- Born: 1927 Lahore, Punjab, British India
- Died: 9 January 2011 (aged 83–84) Lahore, Pakistan
- Occupations: Music composer - TV and film
- Awards: Pride of Performance Award by the President of Pakistan in 1992

= Mian Sheheryar =

Pakistani music composer

Mian Sheheryar (1927 - 9 January 2011) was a Pakistani television and film music composer.

==Early life and career==
Mian Sheheryar was born in Lahore, Punjab, British India in 1927. After completing his basic education, he obtained a master's degree from the University of the Punjab, Lahore. He started his career with Radio Pakistan, Lahore as a singer in 1948. In 1954, he recorded some of his compositions with the His Master's Voice label. Then he worked with some well-known musicians of the time including Niaz Hussain Shami, Sharif Ghaznavi, Ustad Sardar Khan and Feroz Nizami.

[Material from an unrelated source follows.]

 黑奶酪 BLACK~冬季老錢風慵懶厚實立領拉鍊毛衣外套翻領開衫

===His new talent discoveries===
He joined the Pakistani Television at its Lahore center since its inception in 1964, and worked there for over 40 years until his death in 2011. He is credited with introducing many singers - Naseem Begum (only on PTV - Ghulam Ahmed Chishti had already introduced her in film Guddi Gudda (1956)), classical music and ghazal singer Hamid Ali Khan, Irene Perveen, folk singer Iqbal Bahu, Shabnam Majeed and Hadiqa Kiani. These singers achieved success later in the Pakistani film industry and television.

Some of the Pakistani folk singers he helped develop their career include Suraiya Khanum and Tarannum Naz.

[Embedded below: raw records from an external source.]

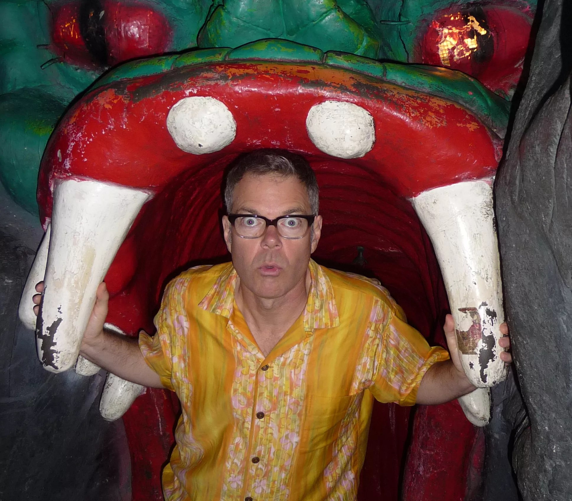 Author/collector Charles Phoenix inside the mouth at Black Bart’s Cafe.
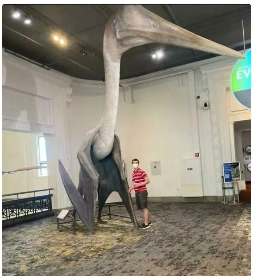 这只高个儿是翼龙的复原,脖子像长鞭,前肢撑地后肢收着,喙尖得能挑起一枚硬币,站到人旁边完全是另一个物种的气场,小时候课本里一行小字带过“上天的爬行动物”,现在看着它的骨骼比例,脑子里只有一个词,庞大且优雅。
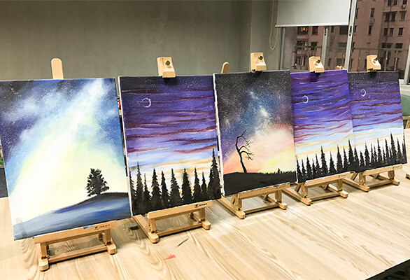 前期以簡單的風(fēng)景畫入手,慢慢過渡到簡單的靜物和動(dòng)物繪畫訓(xùn)練,從中講解一定的色彩知識(shí)理論及素描基礎(chǔ),再進(jìn)入復(fù)雜的動(dòng)物和人物的階段性油畫訓(xùn)練。
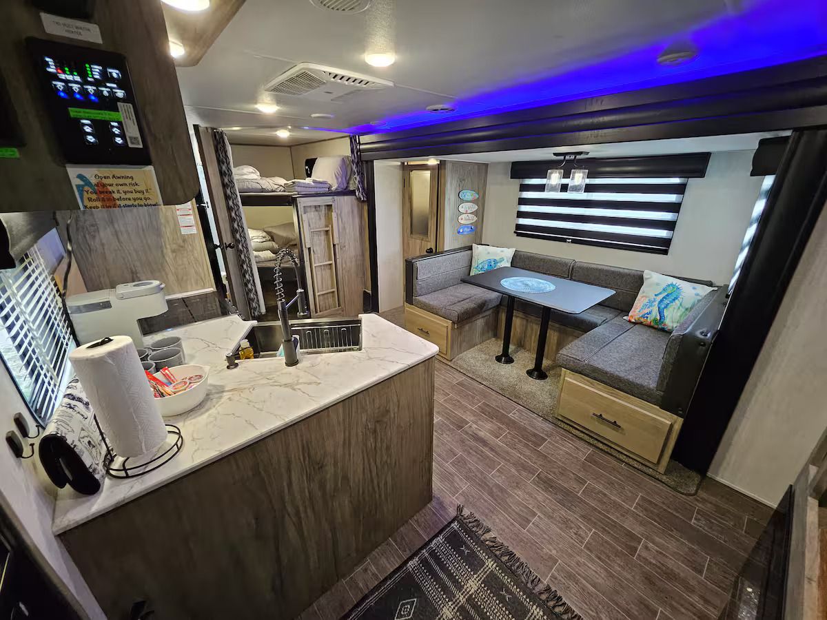 Be the first to book this sweet new camper at Hailey's Beach-n-Bay RV Resort! Super clean, with special touches like the electric fireplace and food pantry. Comfortable queen-size bed in front and big bunkbeds in the rear. Great family dining area and super clean kitchen, fully stocked with everything you need. Enjoy a meal outside with firepit and a new picnic table. Take the kids kayaking or watch them enjoy our pirate ship playground. Book your unforgettable vacation now!. The space: Sleeping up to 4 guests, this retreat features a private king master suite with a Smart TV and a cozy queen pull-out bed in the open living area. The living space also includes a second Smart TV, two recliners, and plenty of comfortable seating, ideal for movie nights, mid day naps, or unwinding after a day of adventure. The fully stocked kitchen features a residential size fridge, large pantry, and all the essentials for easy home cooked meals. The bar style dining seating offers a casual, relaxed place to eat, chat, and enjoy your favorite meals or morning coffee. Outside, make the most of your stay with access to top notch amenities: fish or crab off the private dock, explore the calm canal by kayak, take a ride on one of the bikes, or let the kids burn energy on the oversized pirate ship playground. The palapa area, complete with a grill, picnic tables, and cornhole, offers the perfect place to gather and enjoy the coastal breeze. From sunrises over the water to peaceful evenings under the stars, this bayside escape is your invitation to slow down and savor every moment.

Some of his music assistants that had worked with him at the PTV television center at Lahore, later became accomplished composers themselves - for example, his former harmonium player Rafiq Hussain (d. 2020) later became a music composer himself.

==Popular compositions==

| Song | Singer | Lyricist | Music composer | Notes |
|---|---|---|---|---|
| Nainon Mein Jal Bhar Aaye, Moorakh Mun Tarpaye, Rooth Gaya Mera Pyar | Naseem Begum | Mushir Kazmi | Mian Sheheryar | Film Begunah (1958) |
| Aei Watan Kay Sajeelay Jawano, Mere Naghme Tumhare Liye Hein | Noor Jehan | Jamiluddin Aali | Mian Sheheryar | A highly popular song from the Indo-Pakistani War of 1965 |
| Paani Da Bulbula | Yaqoob Atif Bulbula | Mian Sheheryar | Mian Sheheryar | A Pakistan Television Corporation production Composer: Mian Sheheryar |
| Qaseeda Burda Sharif or Qaṣīda al-Burda (Poem of the Mantle), in praise of prophet Muhammad | Humera Arshad, Fariha Pervez and singer Khurshid Anwar | Imam Sharfuddin Al-Busiri | Mian Sheheryar | A Pakistan Television Corporation production |

==Awards and recognition==
- Pride of Performance Award by the President of Pakistan in 1992.

==Death and legacy==
Mian Sheheryar died in his hometown Lahore, Pakistan at the Shalamar Hospital on 9 January 2011 at the age of 84. Some of his PTV colleagues including PTV's Lahore general Manager Farrukh Bashir, former PTV producer Mushtaq Sufi and music critic/newspaper columnist Amjad Parvez attended his funeral.

An event was held at the Punjab Institute of Language, Art and Culture (PILAC) in February 2011 to pay tribute to the memory of music composer Mian Sheheryar where the noted playwright and writer Mustansar Hussain Tarar, Amjad Parvez, PILAC Director Sughra Sadaf and Pakistan Television Corporation Deputy Managing Director Shahid Nadeem highlighted his contributions to the music of Pakistan.